While attention this lavish might make some readers skeptical, get ready to be won over: “The Night Circus’’ largely lives up to the accolades. Startlingly inventive, haunting, and definitely strange, it’s part love story, part fable, and a knockout debut - with a back story nearly as surprising.
Morgenstern grew up in Marshfield and studied theater and studio art at Smith College. After graduating in 2000, she went to work as an office temp and moved to Salem and later Boston, where she now lives. A talented artist, she sold her paintings after quitting temp work and also created the Phantomwise Tarot deck, which has the same black and white color scheme of her novel, and incorporates Egyptian mythology, Victoriana, and of course - circus motifs.

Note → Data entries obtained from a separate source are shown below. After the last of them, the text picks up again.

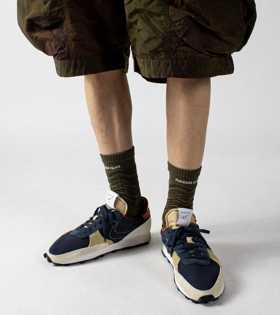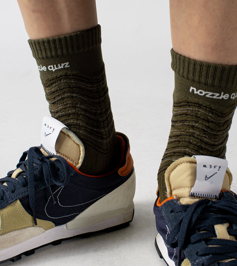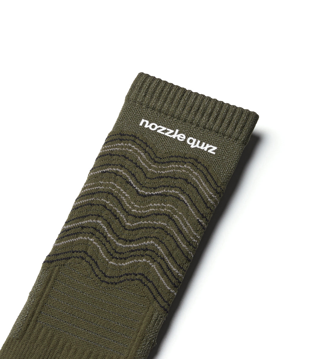 "FlexibleArmor"產品中的在版型設計配合防曬、防降雨及透氣等需求,提供可變動 (convertible) 及收納的機能設計,與國內機能面料廠合作開發兼具輕薄輕量、抗撕裂、防潑水、耐水壓及透氣銃孔的尼龍面料,並經由特殊的洗皺加工表現出金屬般光澤質感。同時,nozzle quiz 與中大遠東實業研發部門合作開發,將以耐磨著稱的 CORDURA®紗線製作類鱗甲外觀的針織腰帶,並採用 FIDLOCK® 磁性快扣大幅提升便捷性。襪履則採用 COOLMAX® 快乾涼爽紗線,以及延續使用的 Skinlife® 專利銀纖抗菌紗線、 Lycra® 專利彈性纖維加強包覆性等機能紗線,提供一系列附有機能性的配件。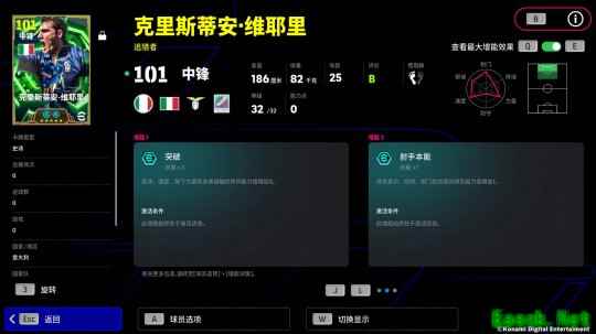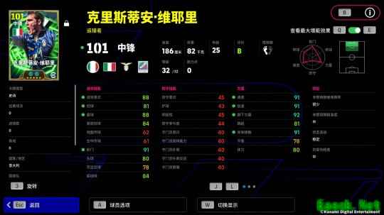 维耶里的增能属性为【突破 +3】,速度和身体接触的增强让“亚平宁坦克”碾压对手防线!他还自带 【无定型射门】 特殊技能,即使面对包夹封锁,他也能用非常规姿势从容地将球打进!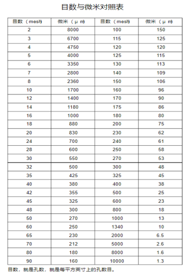 目數與微米對照表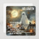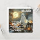 Deuil - Où les fantômes gardent des secrets Carte d'Halloween Un personnage fantomatique drapé en blanc s'assoit solennellement sur une terrasse en pierre, ses yeux creux fixés sur la lune brillante au-dessus. Un chat noir se perche à proximité, silencieux et vigilant, comme s'il gardait quelque chose oublié depuis longtemps. Des bougies scintillent à ses pieds, projetant une lumière douce à travers la pierre parsemée de cailloux. Les chauves-souris tourbillonnent à travers la brume, et des feuilles d'automne éparpillées s'accrochent à la scène comme des restes d'un conte disparu. La composition hums avec la tranquillité spectrale et le folklore maudit - où chaque ombre se sent comme un souvenir, et chaque chuchotement peut être un avertissement.
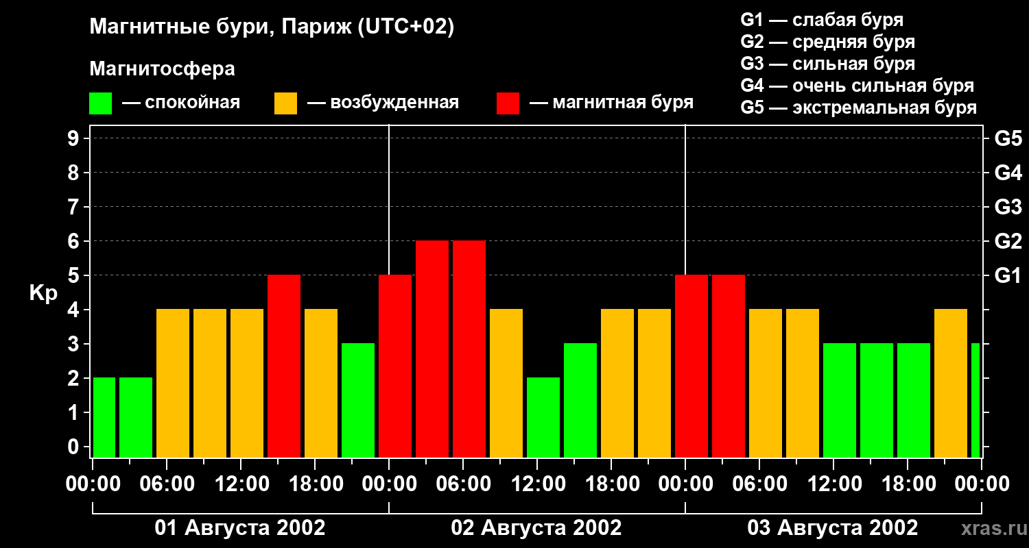 Изменения геомагнитного индекса Kp с 1 по 3 августа 2002 года для средних широт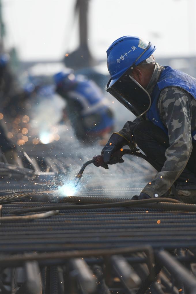 烈日当空,在广州市南沙区南珠中城际铁路中铁十一局的工地上,建设者们挥汗如雨。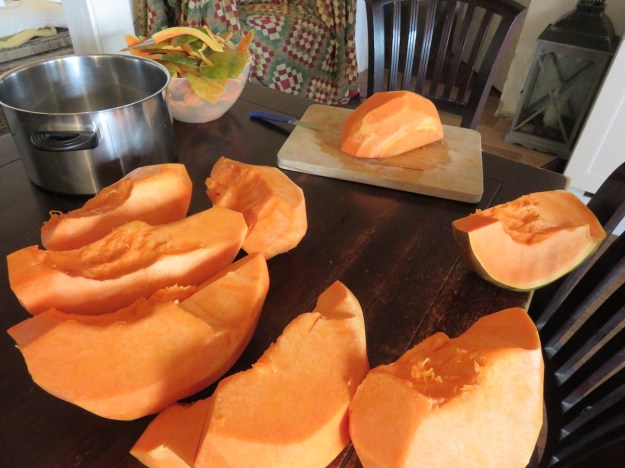 Kürbisse sind ein wunderbares Lagergemüse für den Winter aber leider haben nicht alle Sorten gleich viel Durchhaltevermögen. Während der altbewährte Hokkaido sich bei uns im ungeheizten Eingangsflur des Altbaus bis ins Frühjahr hält, zeigte der Moschuskürbis zum Jahreswechsel erste Verfallserscheinungen. Ich schlachtete ihn an einem kühlen, arbeitsreichen Tag, an dem wir hier Helfer und Besuch auf dem Hof hatten.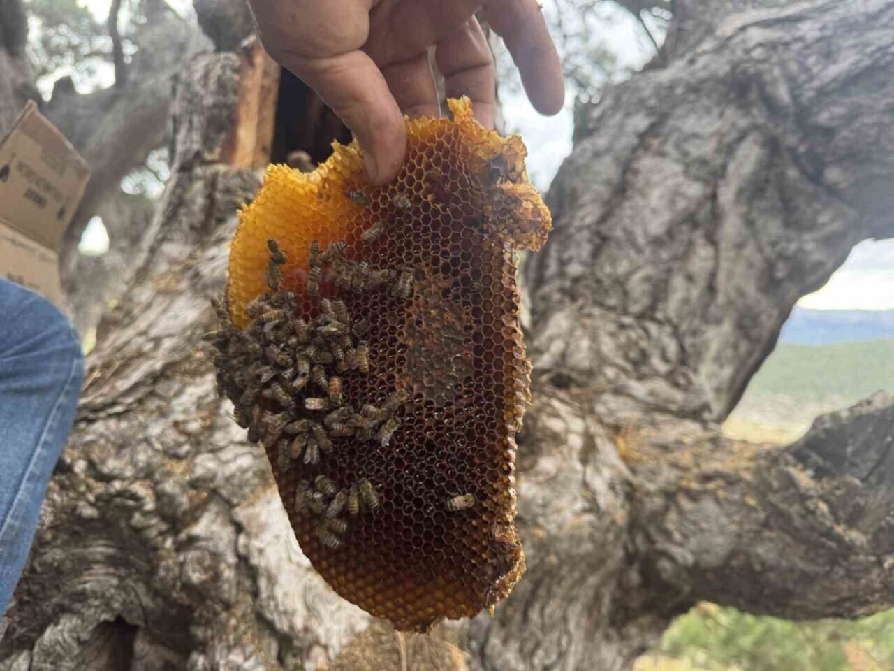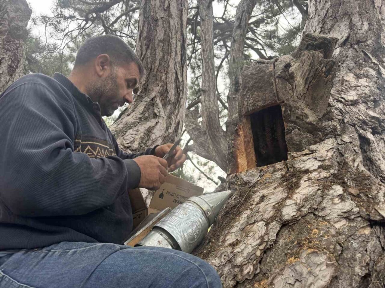 Eşi ile birlikte günlerce arıların izini sürdüğünü anlatan Kara, “Bunları günlerce arıyorum. Bulduğum doğal kovanları sadece Ağustos ayından sonra hasat ediyoruz. Bulduğum arıların kimisinde bal çıkıyor, kimisinde çıkmıyor. “Bu dağların verdiği Cenab-ı Allah’ın verdiği doğal baldır. Ağustos’un 15’inden sonra keseriz biz bunu. Havalar iyi giderse kasım ortasına kadar devam eder.” dedi.

About six years ago, Morgenstern, who had never published fiction, decided to try her hand at it during National Novel Writing Month in November. She struggled with her manuscript off and on over the next several years, producing a work that was mostly vignettes not yet anchored to a plot. It was rejected by more than two dozen agents. Eventually a few agents offered her some encouragement, suggesting major revision. Morgenstern rewrote, found an agent, and her book sold in a week.
The reason why is apparent. Morgenstern doesn’t mess around, snatching you by the lapels with her first sentence: “The circus arrives without warning.’’ And this is no ordinary circus. Materializing at will, this turn-of-the-20th-century spectacle comes only at night and closes at dawn. When you enter, every sense is assaulted and transformed by the sights before you. A contortionist folds herself into a tiny glass box and vanishes in a puff of smoke. You can wander in a maze made up of puffy clouds. The food, right down to the chocolate mice with licorice tails, is its own kind of intoxicating wizardry.
But Le Cirque des Reves is here for a purpose. It becomes the setting for a desperate and deadly challenge, drummed up by two fierce rivals, Hector Bowen, known as Prospero the Enchanter, and another magician named Alexander.